- 1Institute of Experimental Endocrinology and Oncology “G. Salvatore” (IEOS), National Research Council (CNR), Naples, Italy
- 2Department of Biotechnology, Bhupat and Jyoti Mehta School of Biosciences, Indian Institute of Technology-Madras, Chennai, India
- 3Institute for Research and Innovation in Health—i3S, University of Porto, Porto, Portugal
- 4Institute of Molecular Pathology and Immunology of the University of Porto, Porto, Portugal
- 5Institute of Biomedical Sciences of Abel Salazar, University of Porto, Porto, Portugal
- 6Department of Biology, University of York, York, United Kingdom
Editorial on the Research Topic
Does the golgi complex enable oncogenesis?
The Golgi complex (GC) is a fundamental element of the secretory pathway (Glick and Nakano, 2009).
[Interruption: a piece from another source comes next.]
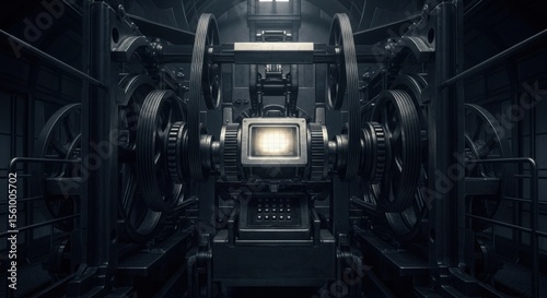 Intricate Mechanical Device with Central Glowing Screen in Industrial Setting

In vertebrate cells, the GC is generally organized in the form of functionally polarized stacks of cisternae, each containing a distinct set of cargo-processing enzymes (Wei and Seemann, 2010). An additional level of organization is present in mammalian cells, where adjacent stacks are connected by membranous tubules (Rambourg and Clermont, 1990) to form a single copy organelle (Cole et al., 1996), called Golgi ribbon, often in close proximity to the centrosome (Wei and Seemann, 2010). The proteins and lipids that are synthesized in the endoplasmic reticulum (ER) are transported to the cis-Golgi through an intermediate compartment (Appenzeller-Herzog and Hauri, 2006). The cargoes are then processed through the GC and sorted at the trans-Golgi network (TGN) for transport to specific plasma membrane domains or organelles (Glick and Nakano, 2009). As it is oft-repeated, the Golgi apparatus (and secretory pathway) is responsible for producing and positioning nearly one-third of the proteome and thus is a primary organizer of the mammalian cell. This is a process in which Golgi-resident glycosyltransferases play a major role by generating protein diversity and affecting many physiological and pathological processes (Pinho and Reis, 2015; Bellis et al., 2022).
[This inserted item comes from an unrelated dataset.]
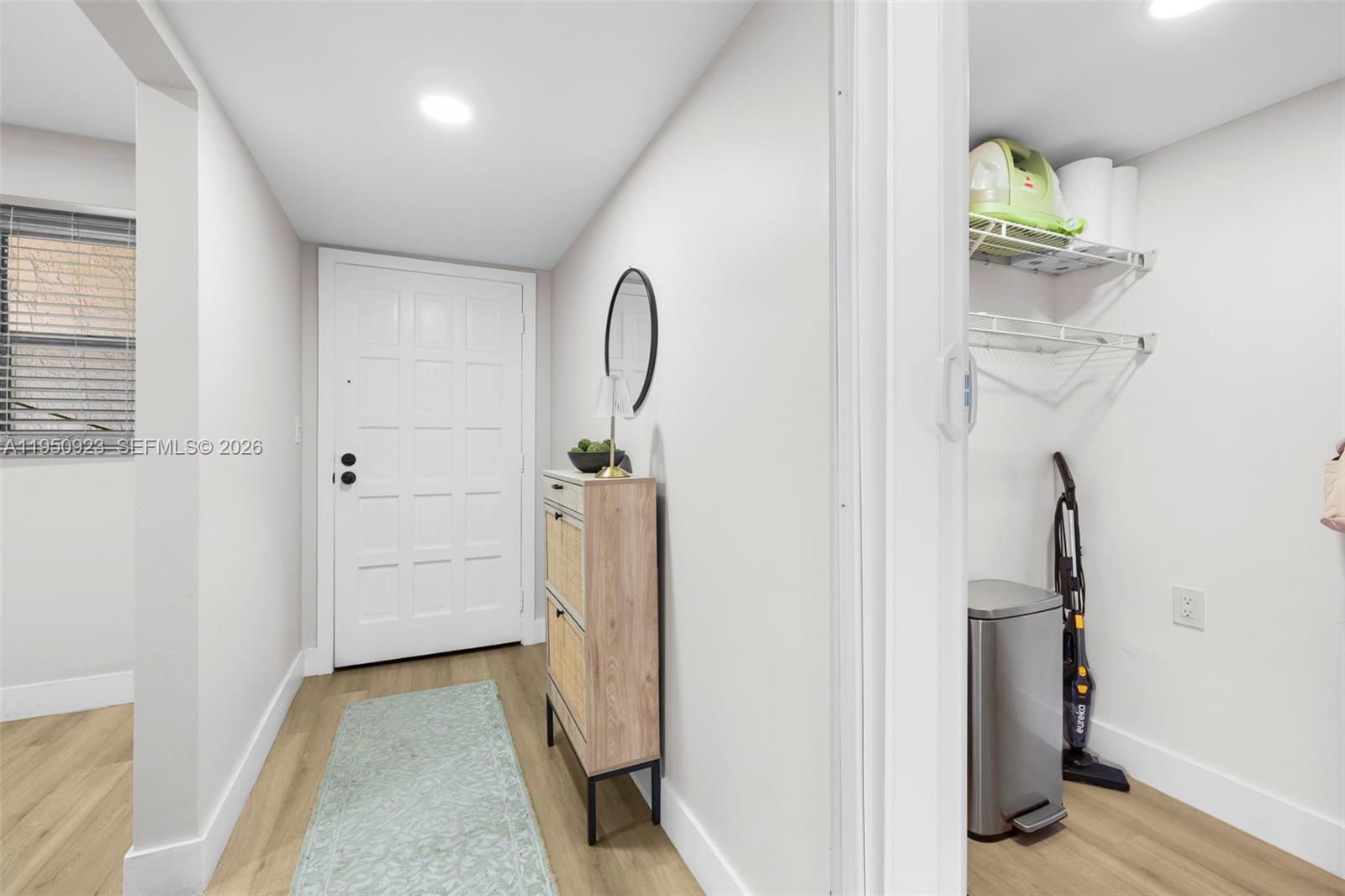 Live well at this fully remodeled 2 bedroom/2 bath first-floor condo with abundant storage. Features four walk-in closets, including one by the kitchen that can be used as a pantry or extra storage. Bright corner unit with added privacy and no stairs or elevators needed to access the unit. Enjoy a screened-in balcony with direct access to the pool area and garden views. Open floor plan, large living area with neutral laminate flooring throughout. Kitchen has all new stainless-steel appliances, stove/oven, microwave, dishwasher, fridge and garbage disposal. Unit is assigned 1 parking space right in front of the unit with plenty of guest parking spaces. Rent includes water, sewer, garbage, Comcast Cable TV & High speed internet, pest control, pool service, and exterior maintenance. Enjoy peaceful garden views, abundant natural light, and a quiet setting in a gated community with 24-hour security. Schedule your appointment today!

The complex structural organization of the Golgi apparatus both at the level of the stack and at the level of the Golgi ribbon has important functional implications. The polarized organization of the Golgi apparatus stack has been shown to regulate the efficient and faithful glycosylation of cargoes (Fisher et al., 2019; Pothukuchi et al., 2019; Pothukuchi et 2021). On the other hand, the ribbon organization has also been demonstrated to increase the efficiency of glycan processing (Puthenveedu et al., 2006) and in addition, also regulates transport and polarized delivery of selected cargo, and signaling events at the Golgi (Makhoul et al., 2018; Kulkarni-Gosavi et al., 2019; Li et al., 2019; Ravichandran et al., 2020), in line with the well-recognized role as an intracellular signaling platform (Luini and Parashuraman, 2016).
All of these activities—cargo transport and sorting, cargo processing, such as glycosylation, and being a platform for signal transduction may have oncogenic effects when defective, and are discussed in this Research Topic of Frontiers in cell and developmental biology. The evidence presented in this issue shows that the role of the GC is not “limited” to its established fundamental role as a central station for processing and trafficking of proteins and lipids. Rather, it is also a central signaling hub regulating key cellular functions—including cell proliferation, cell migration, proteostasis, and apoptosis.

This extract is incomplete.